A wild-type planar polarized distribution of Baz may in turn direct localized actomyosin cable formation. The complementary polarized localization of Baz and the actomyosin cable during dorsal closure is reminiscent of their planar polarized distributions during germ band extension, when Baz and MHC are enriched at reciprocal faces of ectodermal cells (Bertet et al., 2004; Zallen and Wieschaus, 2004). MHC accumulates at AP interfaces where constriction occurs, whereas Baz accumulates at DV-expanding interfaces. A similar reciprocal localization is seen in the amnioserosa cells, as they elongate during gastrulation (Pope and Harris, 2008). Our data show that during dorsal closure loss of Baz from the DME cell leading edge precedes the assembly of the actomyosin cable, which is consistent with the hypothesis that Baz acts upstream of cable assembly and suggesting that the complementary localization of Baz and MHC in various morphogenetic processes may reflect regulation of the actin cytoskeleton by the distribution of Baz. Although we cannot exclude the possibility that the polarized distribution of Ed influences Baz localization and actomyosin cable assembly independently, we propose that the polarized distribution of Ed generates a polarized distribution of Baz, which in turn regulates actin cable formation.

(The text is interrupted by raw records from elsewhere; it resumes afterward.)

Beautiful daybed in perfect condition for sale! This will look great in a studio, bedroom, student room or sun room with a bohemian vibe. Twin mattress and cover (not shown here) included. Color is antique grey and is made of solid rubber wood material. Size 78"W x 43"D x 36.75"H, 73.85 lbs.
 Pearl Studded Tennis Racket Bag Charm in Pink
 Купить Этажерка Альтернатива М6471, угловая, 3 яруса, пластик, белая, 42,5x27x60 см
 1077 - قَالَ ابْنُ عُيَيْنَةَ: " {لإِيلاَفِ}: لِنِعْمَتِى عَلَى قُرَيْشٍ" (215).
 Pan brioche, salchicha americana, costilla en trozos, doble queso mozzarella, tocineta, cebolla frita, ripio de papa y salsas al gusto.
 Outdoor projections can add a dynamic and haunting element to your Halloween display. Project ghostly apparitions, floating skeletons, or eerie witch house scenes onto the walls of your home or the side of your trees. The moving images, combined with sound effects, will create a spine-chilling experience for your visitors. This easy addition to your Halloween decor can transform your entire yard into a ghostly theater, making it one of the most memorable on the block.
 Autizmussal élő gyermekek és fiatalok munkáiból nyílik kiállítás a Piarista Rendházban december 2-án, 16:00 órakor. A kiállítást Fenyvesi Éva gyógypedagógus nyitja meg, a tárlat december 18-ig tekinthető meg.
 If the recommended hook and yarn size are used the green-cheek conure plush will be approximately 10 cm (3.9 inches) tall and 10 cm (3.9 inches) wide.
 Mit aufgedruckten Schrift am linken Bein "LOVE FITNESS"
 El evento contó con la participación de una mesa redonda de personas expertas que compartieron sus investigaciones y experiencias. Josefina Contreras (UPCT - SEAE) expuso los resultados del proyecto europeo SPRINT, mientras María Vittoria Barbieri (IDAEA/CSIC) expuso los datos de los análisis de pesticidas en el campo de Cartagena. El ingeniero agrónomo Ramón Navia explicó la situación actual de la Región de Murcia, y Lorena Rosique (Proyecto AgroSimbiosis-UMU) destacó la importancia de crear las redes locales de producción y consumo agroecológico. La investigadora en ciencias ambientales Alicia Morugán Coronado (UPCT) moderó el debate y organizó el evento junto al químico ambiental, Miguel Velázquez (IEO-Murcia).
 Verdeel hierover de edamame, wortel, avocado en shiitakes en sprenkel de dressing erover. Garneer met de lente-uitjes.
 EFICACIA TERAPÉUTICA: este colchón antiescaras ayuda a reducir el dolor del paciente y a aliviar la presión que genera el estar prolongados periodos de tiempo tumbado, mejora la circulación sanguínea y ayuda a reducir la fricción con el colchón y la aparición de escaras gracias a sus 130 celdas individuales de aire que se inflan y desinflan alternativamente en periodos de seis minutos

The actin cable restricts the movement of the leading edge

The prevailing models for the function of the actin cable in dorsal closure propose that the tension associated with the cable promotes the dorsal movement of the leading edge. Initial studies suggested that the cable drives dorsal movement by providing a purse string-like force (Young et al., 1993; Kiehart et al., 2000), and more recent live imaging and modeling studies suggest that pulsed contractions of the amnioserosa cells provide the primary force driving leading edge migration and that myosin-mediated contraction of the cable instead acts to stabilize forward progress between contractions (Kiehart et al., 2000; Solon et al., 2009; Blanchard et al., 2010; David et al., 2010). These models differ, but each predicts that the leading edge would recede ventrally in the absence of the actin cable.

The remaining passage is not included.